A subsequence of a string s is considered a good palindromic subsequence if:

• It is a subsequence of s.
• It is a palindrome (has the same value if reversed).
• It has an even length.
• No two consecutive characters are equal, except the two middle ones.

For example, if s = "abcabcabb", then "abba" is considered a good palindromic subsequence, while "bcb" (not even length) and "bbbb" (has equal consecutive characters) are not.

Given a string s, return _the length of the longest good palindromic subsequence in _s.

 

Example 1:

Input: s = "bbabab"
Output: 4
Explanation: The longest good palindromic subsequence of s is "baab".

Example 2:

Input: s = "dcbccacdb"
Output: 4
Explanation: The longest good palindromic subsequence of s is "dccd".

 

Constraints:

• 1 <= s.length <= 250
• s consists of lowercase English letters.

Solutions

Solution 1: Memorization Search

We design a function $dfs(i, j, x)$ to represent the length of the longest "good" palindrome subsequence ending with character $x$ in the index range $[i, j]$ of string $s$. The answer is $dfs(0, n - 1, 26)$.

The calculation process of the function $dfs(i, j, x)$ is as follows:

• If $i >= j$, then $dfs(i, j, x) = 0$;
• If $s[i] = s[j]$ and $s[i] \neq x$, then $dfs(i, j, x) = dfs(i + 1, j - 1, s[i]) + 2$;
• If $s[i] \neq s[j]$, then $dfs(i, j, x) = max(dfs(i + 1, j, x), dfs(i, j - 1, x))$.

During the process, we can use memorization search to avoid repeated calculations.

The time complexity is $O(n^2 \times C)$. Where $n$ is the length of the string $s$, and $C$ is the size of the character set.
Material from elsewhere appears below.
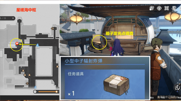 (1)首先检查你的任务背包,看是否有物品【小型中子辐射弹】。如果没有,先去下图的【星查海中心】位置,然后【调查】箱子的发光点,获得任务物品。
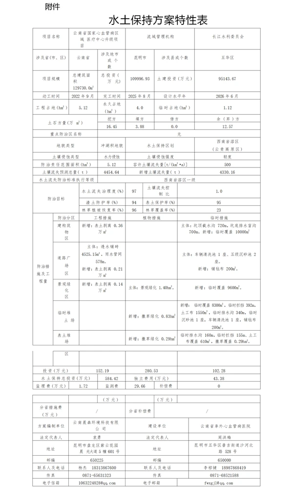 附件:水土保持方案特性表

In this problem, $C = 26$.

class Solution:
  def longestPalindromeSubseq(self, s: str) -> int:
    @cache
    def dfs(i, j, x):
      if i >= j:
        return 0
      if s[i] == s[j] and s[i] != x:
        return dfs(i + 1, j - 1, s[i]) + 2
      return max(dfs(i + 1, j, x), dfs(i, j - 1, x))

    ans = dfs(0, len(s) - 1, '')
    dfs.cache_clear()
    return ans

class Solution {
  private int[][][] f;
  private String s;

  public int longestPalindromeSubseq(String s) {
    int n = s.length();
    this.s = s;
    f = new int[n][n][27];
    for (var a : f) {
      for (var b : a) {
        Arrays.fill(b, -1);
      }
    }
    return dfs(0, n - 1, 26);
  }

  private int dfs(int i, int j, int x) {
    if (i >= j) {
      return 0;
    }
    if (f[i][j][x] != -1) {
      return f[i][j][x];
    }
    int ans = 0;
    if (s.charAt(i) == s.charAt(j) && s.charAt(i) - 'a' != x) {
      ans = dfs(i + 1, j - 1, s.charAt(i) - 'a') + 2;
    } else {
      ans = Math.max(dfs(i + 1, j, x), dfs(i, j - 1, x));
    }
    f[i][j][x] = ans;
    return ans;
  }
}

class Solution {
public:
  int f[251][251][27];

  int longestPalindromeSubseq(string s) {
    int n = s.size();
    memset(f, -1, sizeof f);
    function<int(int, int, int)> dfs = [&](int i, int j, int x) -> int {
      if (i >= j) return 0;
      if (f[i][j][x] != -1) return f[i][j][x];
      int ans = 0;
      if (s[i] == s[j] && s[i] - 'a' != x)
        ans = dfs(i + 1, j - 1, s[i] - 'a') + 2;
      else
        ans = max(dfs(i + 1, j, x), dfs(i, j - 1, x));
      f[i][j][x] = ans;
      return ans;
    };
    return dfs(0, n - 1, 26);
  }
};

func longestPalindromeSubseq(s string) int {
  n := len(s)
  f := make([][][]int, n)
  for i := range f {
    f[i] = make([][]int, n)
    for j := range f[i] {
      f[i][j] = make([]int, 27)
      for k := range f[i][j] {
        f[i][j][k] = -1
      }
    }
  }
  var dfs func(i, j, x int) int
  dfs = func(i, j, x int) int {
    if i >= j {
      return 0
    }
    if f[i][j][x] != -1 {
      return f[i][j][x]
    }
    ans := 0
    if s[i] == s[j] && int(s[i]-'a') != x {
      ans = dfs(i+1, j-1, int(s[i]-'a')) + 2
    } else {
      ans = max(dfs(i+1, j, x), dfs(i, j-1, x))
    }
    f[i][j][x] = ans
    return ans
  }
  return dfs(0, n-1, 26)
}